Knox County Commission, on a 6-5 vote Monday, deferred Commissioner Kyle Ward’s resolution to make the Knox County Health Board advisory only, shifting sole decision-making on masks and mandates to Dr. Martha Buchanan.

Commissioners on both sides must be hoping the pandemic ends before they have to take a final vote. And at the rate they’re going, that might happen.

The sad irony is that nothing would change either way.

Terry Hill

Commissioner Terry Hill has said this all along. And she skillfully maneuvered Monday’s vote with an assist from Commissioner Randy Smith. Voting with Hill and Smith to defer were Dr. Dasha Lundy, commission chair Larsen Jay, Richie Beeler and Courtney Durrett.

Durrett kicked off the discussion by moving to defer 150 days, until June. She said the health board discussion has dominated eight of 10 meetings and workshops since she joined the commission.

Beeler initially said “no one wants to delay” the vote. And he added: “If the health board in charge is such a great thing, then why are the (Covid) numbers so bad?” Beeler said behavior won’t change regardless of how the commission voted. But in the discussion of Durrett’s motion, Beeler said he would prefer a “two-digit delay” to a three-digit one.

Hill and Smith jumped on that after Durrett’s motion failed with only three votes (hers plus Lundy and Jay). “We have spent hours and hours and hours on this and what are we accomplishing?” asked Hill. “I know we have the same goal (she said generously), to bring people together. We are failing.”

After more discussion, the 90-day deferral passed and the meeting adjourned. It was only 10:23 p.m.

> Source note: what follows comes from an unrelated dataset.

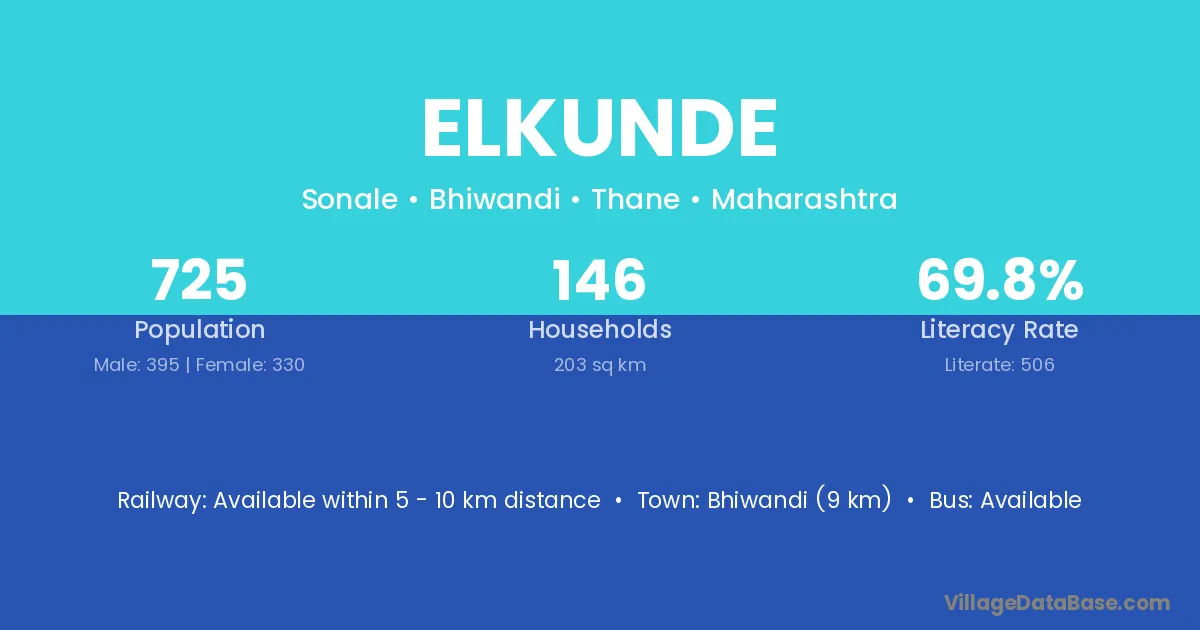 Bhiwandi (9 km) is the nearest town to Elkunde village for major economic activities and is located approximately 9 km away.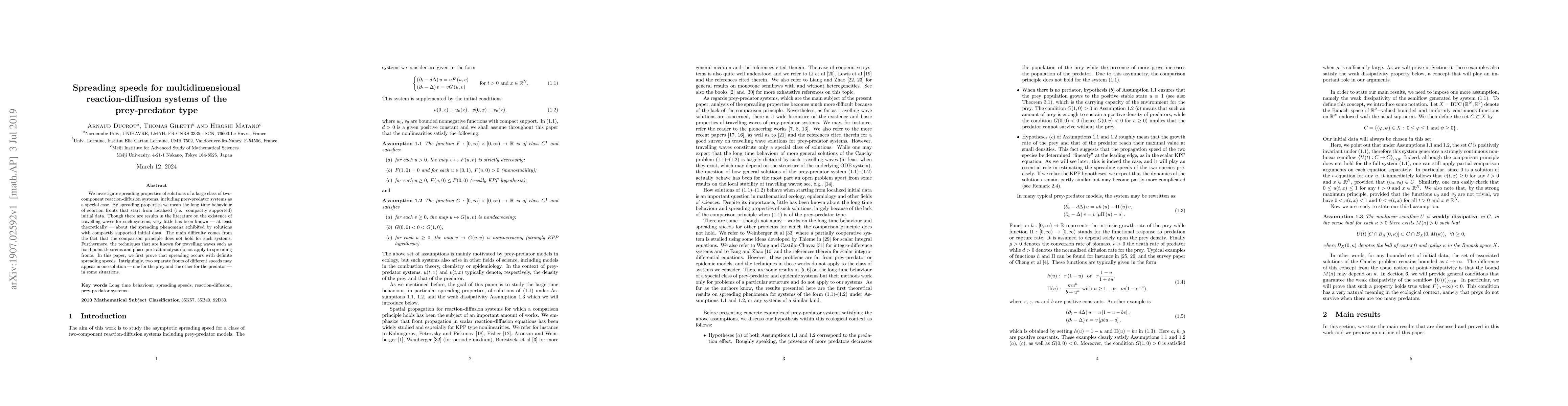 This paper investigates the spreading behavior of solutions to multidimensional reaction-diffusion systems, particularly focusing on prey-predator models. It proves the existence of definite spreading speeds and notes that separate fronts with different speeds may emerge for prey and predator populations.

  • Sheriff Tom Spangler asked the commission for $1 million to build a 5,000-square-foot steel structure for video conferencing between judges and inmates. The commission deferred the request for 30 days, but commissioners seemed generally supportive. Spangler said the facility would be built adjacent to the Roger D. Wilson Detention Center on Maloneyville Road.  It would save on transportation costs to haul prisoners back and forth to the City County Building, he said.
  • John A. Emison, former Knoxvillian and president of Citizens for Home Rule, moved to Alamo, Tennessee, and got elected mayor. Today on Facebook there was a masked mayor, sitting alone in a boardroom, taking a vote by speaker phone. The vote passed unanimously and Alamo got its first liquor store. I resisted the urge to call Emison to ask if he annexed the guy on the promise of a liquor store.
  • Commissioner Justin Biggs had a resolution to congratulate Danny White for agreeing to a $1.8 million contract to become UT’s athletics director. It was a glowing resolution and Biggs is sending copies to many people. He offered to let other commissioners sign on as co-sponsors. And that’s when Commissioner John Schoonmaker said, “Maybe we should wait until he signs the football coach.”

Sandra Clark is editor/CEO of Knox TN Today.